== ACTIVITY ==
Below are records with pictures. Transcribe exactly, and only, the lines from the line with "Durante el operativo" to the line with "Шаньдун Тайшань - Хэнань", both ends included, but not the pictures.

== SUPPLIED DATA ==
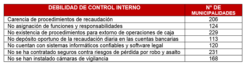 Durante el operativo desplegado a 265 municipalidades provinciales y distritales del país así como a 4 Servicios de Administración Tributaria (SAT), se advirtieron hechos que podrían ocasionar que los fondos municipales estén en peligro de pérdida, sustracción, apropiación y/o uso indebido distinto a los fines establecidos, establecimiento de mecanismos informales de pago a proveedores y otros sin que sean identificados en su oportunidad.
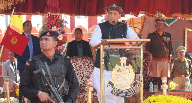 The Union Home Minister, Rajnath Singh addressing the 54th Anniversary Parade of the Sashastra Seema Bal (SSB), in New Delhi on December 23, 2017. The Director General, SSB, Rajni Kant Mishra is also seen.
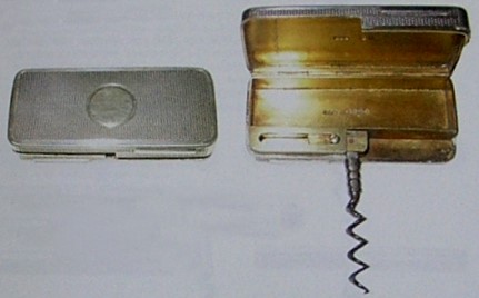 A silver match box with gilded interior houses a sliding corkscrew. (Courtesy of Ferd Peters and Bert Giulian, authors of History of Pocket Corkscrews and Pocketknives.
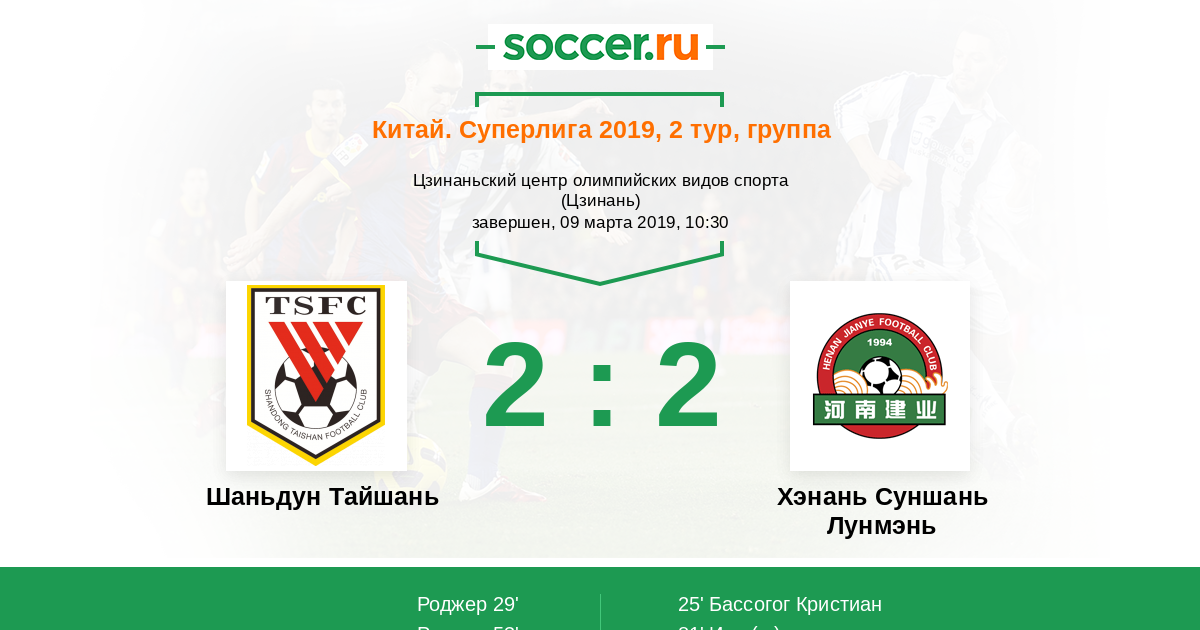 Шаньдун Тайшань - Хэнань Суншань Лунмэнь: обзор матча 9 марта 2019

---

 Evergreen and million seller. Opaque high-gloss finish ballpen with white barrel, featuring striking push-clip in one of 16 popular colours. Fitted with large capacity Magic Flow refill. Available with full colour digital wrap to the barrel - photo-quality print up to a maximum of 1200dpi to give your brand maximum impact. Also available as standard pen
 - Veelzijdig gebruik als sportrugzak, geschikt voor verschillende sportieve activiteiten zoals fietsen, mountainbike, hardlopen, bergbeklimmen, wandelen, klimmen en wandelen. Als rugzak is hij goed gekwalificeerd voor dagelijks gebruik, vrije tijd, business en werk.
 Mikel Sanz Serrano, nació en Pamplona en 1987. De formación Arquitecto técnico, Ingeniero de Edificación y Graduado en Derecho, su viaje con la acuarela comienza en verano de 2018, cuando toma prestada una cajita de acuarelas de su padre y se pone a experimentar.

== PROBLEM SOLUTION ==
 Durante el operativo desplegado a 265 municipalidades provinciales y distritales del país así como a 4 Servicios de Administración Tributaria (SAT), se advirtieron hechos que podrían ocasionar que los fondos municipales estén en peligro de pérdida, sustracción, apropiación y/o uso indebido distinto a los fines establecidos, establecimiento de mecanismos informales de pago a proveedores y otros sin que sean identificados en su oportunidad.
 The Union Home Minister, Rajnath Singh addressing the 54th Anniversary Parade of the Sashastra Seema Bal (SSB), in New Delhi on December 23, 2017. The Director General, SSB, Rajni Kant Mishra is also seen.
 A silver match box with gilded interior houses a sliding corkscrew. (Courtesy of Ferd Peters and Bert Giulian, authors of History of Pocket Corkscrews and Pocketknives.
 Шаньдун Тайшань - Хэнань Суншань Лунмэнь: обзор матча 9 марта 2019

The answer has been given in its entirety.